SearchGraph

Overview

SearchGraph is a scraping pipeline that searches the internet for answers to a given prompt. It automatically searches for relevant URLs, scrapes them, and merges the results into a comprehensive answer.

Class Signature

class SearchGraph(AbstractGraph):
    def __init__(
        self,
        prompt: str,
        config: dict,
        schema: Optional[Type[BaseModel]] = None
    )

Constructor Parameters

prompt

str

required

The user prompt to search the internet. This will be used both for searching and for extracting information from found pages.

config

dict

required

Configuration parameters for the graph. Must include:

llm: LLM configuration (e.g., {"model": "openai/gpt-4o"})

Optional parameters:

max_results (int): Maximum number of search results to scrape (default: 3)
search_engine (str): Search engine to use (“google”, “bing”, “duckduckgo”)
serper_api_key (str): API key for Serper.dev (for Google search)
verbose (bool): Enable detailed logging
headless (bool): Run browser in headless mode
Other parameters inherited from SmartScraperGraph

schema

Type[BaseModel]

default:"None"

Optional Pydantic model defining the expected output structure.

Attributes

prompt

str

The user’s search and extraction prompt.

config

dict

Configuration dictionary for the graph.

schema

BaseModel

Optional output schema for structured data extraction.

llm_model

object

The configured language model instance.

max_results

int

Maximum number of URLs to scrape from search results.

considered_urls

List[str]

List of URLs that were considered during the search.

Methods

run()

Executes the web scraping and searching process.

def run(self) -> str

return

str

The merged answer from all scraped sources, or “No answer found.” if extraction fails.

get_considered_urls()

Returns the list of URLs that were considered during the search.

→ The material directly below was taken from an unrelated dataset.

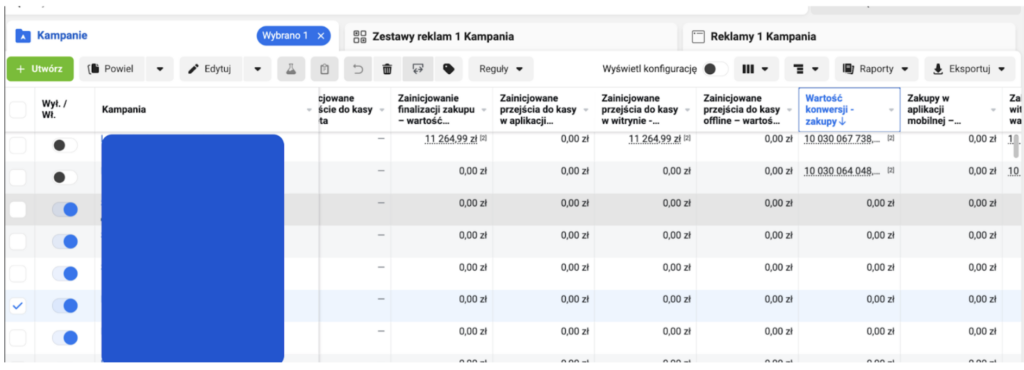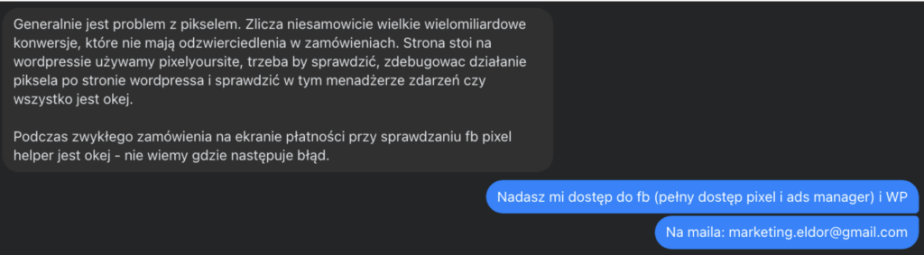 Przystąpiłem do pracy, zebrałem dostępu do strony internetowej i panelu meta. Z racji tego, że sklep raportował MILIARDY złotych z zamówień utworzyliśmy również kody promocyjne, żebym mógł przejść swobodnie bramki płatności. Zweryfikowałem problem - faktycznie coś jest nie tak, spójrz proszę na wartości konwersji zakupy.

def get_considered_urls(self) -> List[str]

return

List[str]

A list of URLs that were found and scraped during the search process.

Basic Usage

from scrapegraphai.graphs import SearchGraph

graph_config = {
    "llm": {
        "model": "openai/gpt-4o",
        "api_key": "your-api-key"
    },
    "max_results": 5
}

search_graph = SearchGraph(
    prompt="What is Chioggia famous for?",
    config=graph_config
)

result = search_graph.run()
print(result)

# Get the URLs that were scraped
urls = search_graph.get_considered_urls()
print(f"Scraped {len(urls)} URLs:")
for url in urls:
    print(f"  - {url}")

Structured Output with Schema

from pydantic import BaseModel, Field
from typing import List

class Restaurant(BaseModel):
    name: str = Field(description="Restaurant name")
    cuisine: str = Field(description="Type of cuisine")
    rating: float = Field(description="Average rating")
    location: str = Field(description="Address or area")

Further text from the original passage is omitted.